■ Exercise directions ■
Restate word for word the lines below that run from the one holding "[저녁반]식물초보를 위한 가드닝수업서울숲가이드, 프로그램By" through the one holding "本网讯 为帮助2025届毕业", inclusive. Pictures don't belong in the copy.

■ Source material ■

-=-=-=-=-

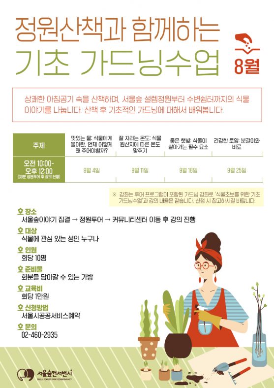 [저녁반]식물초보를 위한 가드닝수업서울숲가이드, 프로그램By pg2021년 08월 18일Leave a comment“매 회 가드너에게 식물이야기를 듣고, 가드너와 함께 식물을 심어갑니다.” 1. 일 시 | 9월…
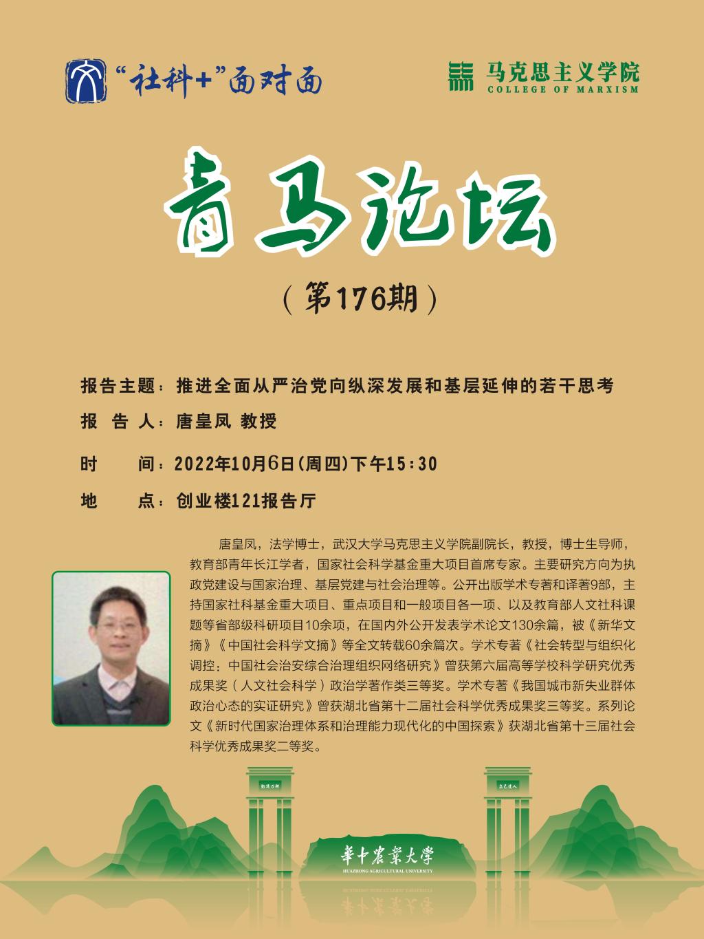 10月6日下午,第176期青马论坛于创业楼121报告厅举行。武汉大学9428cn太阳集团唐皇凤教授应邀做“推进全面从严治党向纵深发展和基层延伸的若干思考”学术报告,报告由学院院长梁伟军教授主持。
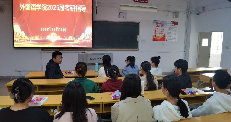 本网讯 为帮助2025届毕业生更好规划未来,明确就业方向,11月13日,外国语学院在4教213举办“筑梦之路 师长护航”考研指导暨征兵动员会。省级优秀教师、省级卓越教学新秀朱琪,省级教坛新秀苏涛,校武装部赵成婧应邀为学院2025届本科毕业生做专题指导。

-=-=-=-=-

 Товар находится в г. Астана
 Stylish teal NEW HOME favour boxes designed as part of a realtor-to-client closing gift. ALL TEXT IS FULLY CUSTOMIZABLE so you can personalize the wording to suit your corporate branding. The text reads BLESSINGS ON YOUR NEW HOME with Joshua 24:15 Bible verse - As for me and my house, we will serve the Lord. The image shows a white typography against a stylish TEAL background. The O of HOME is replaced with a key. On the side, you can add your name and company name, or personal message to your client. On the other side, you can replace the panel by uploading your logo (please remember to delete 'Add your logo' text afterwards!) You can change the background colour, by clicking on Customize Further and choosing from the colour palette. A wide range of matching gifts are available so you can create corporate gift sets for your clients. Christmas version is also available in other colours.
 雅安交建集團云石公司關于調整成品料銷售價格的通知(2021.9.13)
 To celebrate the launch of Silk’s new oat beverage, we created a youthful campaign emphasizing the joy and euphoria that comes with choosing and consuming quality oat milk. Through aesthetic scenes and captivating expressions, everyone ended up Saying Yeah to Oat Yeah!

-=-=-=-=-

■ Response to this exercise ■
 [저녁반]식물초보를 위한 가드닝수업서울숲가이드, 프로그램By pg2021년 08월 18일Leave a comment“매 회 가드너에게 식물이야기를 듣고, 가드너와 함께 식물을 심어갑니다.” 1. 일 시 | 9월…
 10月6日下午,第176期青马论坛于创业楼121报告厅举行。武汉大学9428cn太阳集团唐皇凤教授应邀做“推进全面从严治党向纵深发展和基层延伸的若干思考”学术报告,报告由学院院长梁伟军教授主持。
 本网讯 为帮助2025届毕业生更好规划未来,明确就业方向,11月13日,外国语学院在4教213举办“筑梦之路 师长护航”考研指导暨征兵动员会。省级优秀教师、省级卓越教学新秀朱琪,省级教坛新秀苏涛,校武装部赵成婧应邀为学院2025届本科毕业生做专题指导。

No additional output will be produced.